I don't buy it. What you're ultimately saying is that it's legal for their sales representatives to lie about the terms of the contract. A contract requires a "meeting of the minds", and in this case there's a direct contradiction between what is written and what is said.

On the other hand, the contracts are so one sided anyway that it doesn't matter. I'm sure Echostar reserves the right to unilaterally change the conditions of the contract at any time. So it's all academic at this point.


----------



## Stewart Vernon

zmark said:


> I don't buy it. What you're ultimately saying is that it's legal for their sales representatives to lie about the terms of the contract. A contract requires a "meeting of the minds", and in this case there's a direct contradiction between what is written and what is said.


Sales representatives are seldom installers! 

But... keep in mind, that even if a CSR on the phone says "you do not have to connect a phone line"... that is only a partial truth.

Sure, you don't *have* to... but if you don't connect it, then you are subject to possible charges for dual-tuner receivers AND random audits by the audit team!

So... technically if the installer or CSR says you don't need to connect the phone line, it is partially true. You can either connect the phone line per the contract OR be willing to negotiate an audit or additional phone line charge for not having it connected.

You get a choice.


----------



## Billcrates

Hey, I do think that a company and the consumer has the right to hold each other to the letter of the contract. Audits can be part of the process. Part of my job is auditing for a major Fortune 20 company and for a state agency for distribution of RX drugs. Part of the "Quality program" is to have a process that explains requirements from start to finish, It starts with clear directions ( not just fine print - I can tell you from experience that few read it) on what is to be required. You have to enforce all parts of the process to ensure compliance. DISH in my opionion is not doing this: 
1) They do not start at the install process and inform the customer clearly that this is a requirement. My install by DISH did not say that. Equipment is supplied such as wireless jacks to get the customer in compliance. If some one self installs - part of the activation process should be testing the phone connection. If they can not use a phone line - either refuse service or put a surcharge on the account. 
2) Train your CSR's & tech support that it is a requirement. You should not have people saying different items - it makes confusion and the customer gets angry. 
3) Put it in a clear place for every one to see - not the 4th section of a contract that is hard to understand. 
4) Work with people to make compliance to the standard. Do not cut them off with no appeal. 
5) Be courteous with the customer and explain politely that it is a requirement. People remember the rudeness and will move on to another sevice. Remember the old saying that with 1 person that is offended - 10 more with hear of it and they will not purchase the products. For those who liken this to a police checkpoint .. a police officer that is rude or abusive to a citizen can be disciplined and fired. 

This is standard process in a Quality assessment process for requlatory compliance.
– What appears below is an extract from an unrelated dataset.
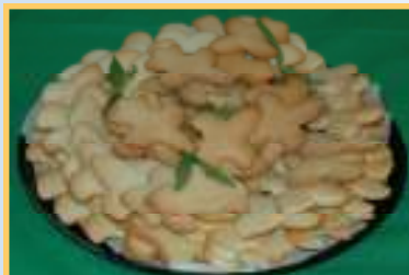
Biscuits «fleur de lys» de la réception !
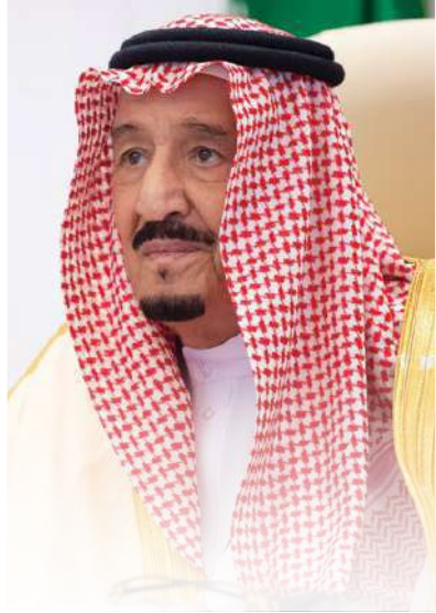
عَلَّمَ اللَّهُ الْكِتَابَ تَتْلُونَهَا الملك سلمان بن عبدالعزيز آل سعود يحفظه الله

DISH needs to take some lessons.


----------



## Billcrates

HDMe said:


> Sales representatives are seldom installers!
> 
> But... keep in mind, that even if a CSR on the phone says "you do not have to connect a phone line"... that is only a partial truth.
> 
> Sure, you don't *have* to... but if you don't connect it, then you are subject to possible charges for dual-tuner receivers AND random audits by the audit team!
> 
> So... technically if the installer or CSR says you don't need to connect the phone line, it is partially true. You can either connect the phone line per the contract OR be willing to negotiate an audit or additional phone line charge for not having it connected.
> 
> You get a choice.


BTW - the contract is usually not signed until the installation is done. I COULD argue that the contract was invalid as it was not setup correctly by agents of the seller ACCORDING to the terms of the contract.


----------



## Stewart Vernon

Billcrates said:


> BTW - the contract is usually not signed until the installation is done. I COULD argue that the contract was invalid as it was not setup correctly by agents of the seller ACCORDING to the terms of the contract.


The problem there being, their lawyers would argue that either you signed the contract and then disconnected the phone line yourself OR you shouldn't have signed the contract without verifying that the installer did everything per the contract. Not saying this is fair (neither is life)... but if you are asked to sign a contract that says the installer was done, then you don't sign it until he is done.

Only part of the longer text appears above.